1 illustrates a block diagram of an electronic system 100 (or computing system) in accordance with an exemplary arrangement. Other arrangements may also be provided.

Electronic system 100 may include one or more processors 102-1 through 102-N (referred to herein as processors 102 or processor 102). Processors 102 may communicate via interconnects or bus 104. [ Each processor may include various components, and only some of these components are discussed with reference to processor 102-1 for clarity. Accordingly, each of the remaining processors 102-2 through 102-N may include the same or similar components discussed with reference to the processor 102-1.

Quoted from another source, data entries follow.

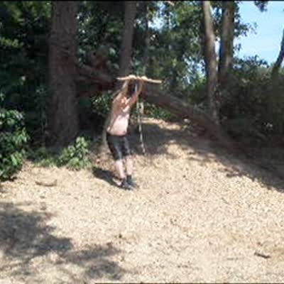 Teen boy falls off a rope swing and slides down a hard rocky hill.
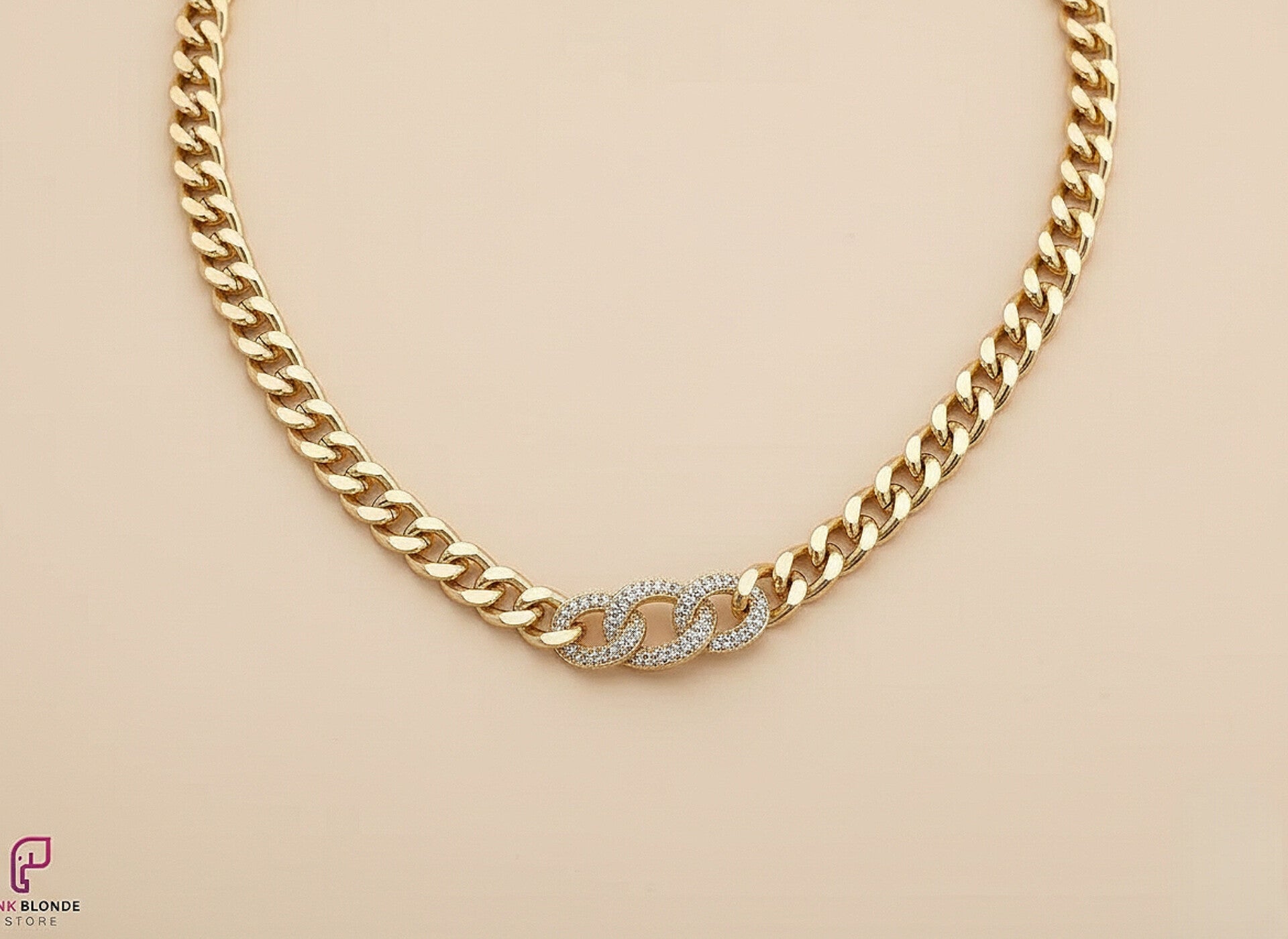 Make a powerful fashion statement with this stunning gold-plated chunky link necklace. Featuring three central links encrusted with shimmering pavé crystals, this piece combines industrial edge with high-end glamour. It sits perfectly at 45 cm with a 5 cm extension for a bold, customizable look.
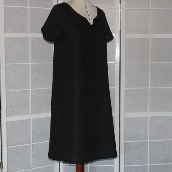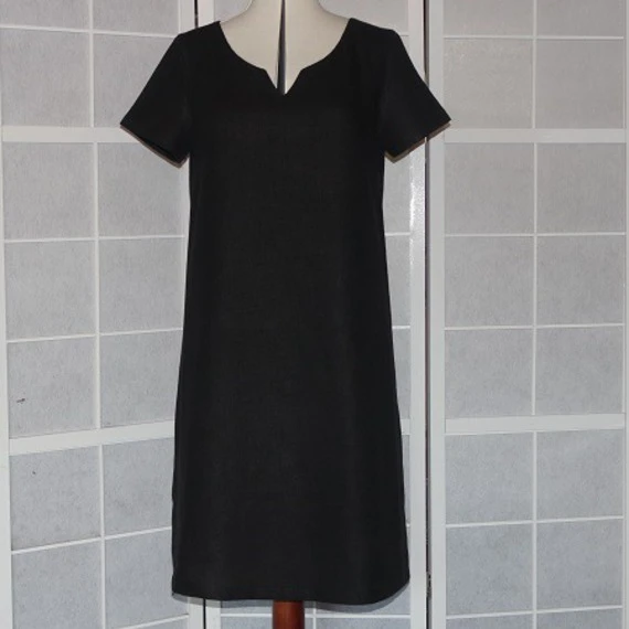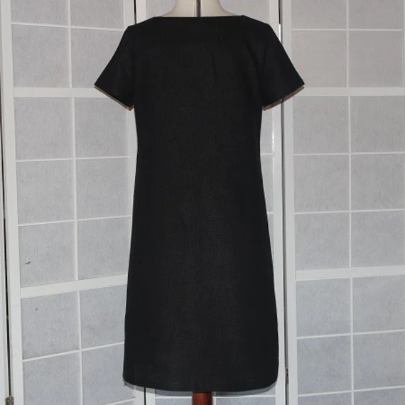 Robe trapèze réalisée avec un tissu en lin noir. Cette robe est simple avec un décolleté travaillé.
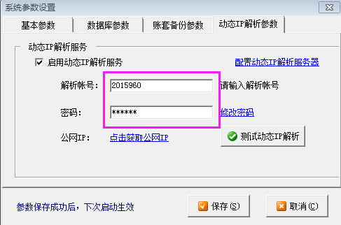 ????②主機電腦配置動態IP解析服務參數,并定時將公網IP地址信息發送給亞拓軟件云服務器。

The processor 102-1 may include one or more processor cores 106-1 through 106-M (hereinafter referred to as cores 106 or cores 106), a cache 108, and / . ≪ / RTI > The processor cores 106 may be implemented on a single integrated circuit (IC) chip. Moreover, the chip may include one or more shared and / or private caches (such as cache 108), busses or interconnects (such as bus or interconnect 112), graphics and / or memory controllers, Other components may be included.

The router 110 may be used to communicate between the various components of the processor 102-1 and / or the system 100. [ Moreover, the processor 102-1 may include more than one router 110. [ In addition, multiple routers 110 may communicate to enable data routing between various components, either internal or external to the processor 102-1.

The cache 108 may store data (e.g., including instructions) utilized by one or more components of the processor 102-1, such as the cores 106. [ For example, cache 108 may be local cache data stored in memory 114 for faster access by components of processor 102 (e.g., faster access by cores 106) have. As shown in FIG. 1, memory 114 may communicate with processors 102 via interconnect 104. The cache 108 (which may be shared) may be a mid-level cache (MLC), a last level cache (LLC), or the like. Each of the cores 106 may also include other levels of cache, such as level 1 (Ll) cache 116-1 (also referred to as "L1 cache 116 ") or a level 2 have. Moreover, various components of the processor 102-1 may communicate directly with the cache 108 via a bus (e.g., bus 112, and / or a memory controller or hub).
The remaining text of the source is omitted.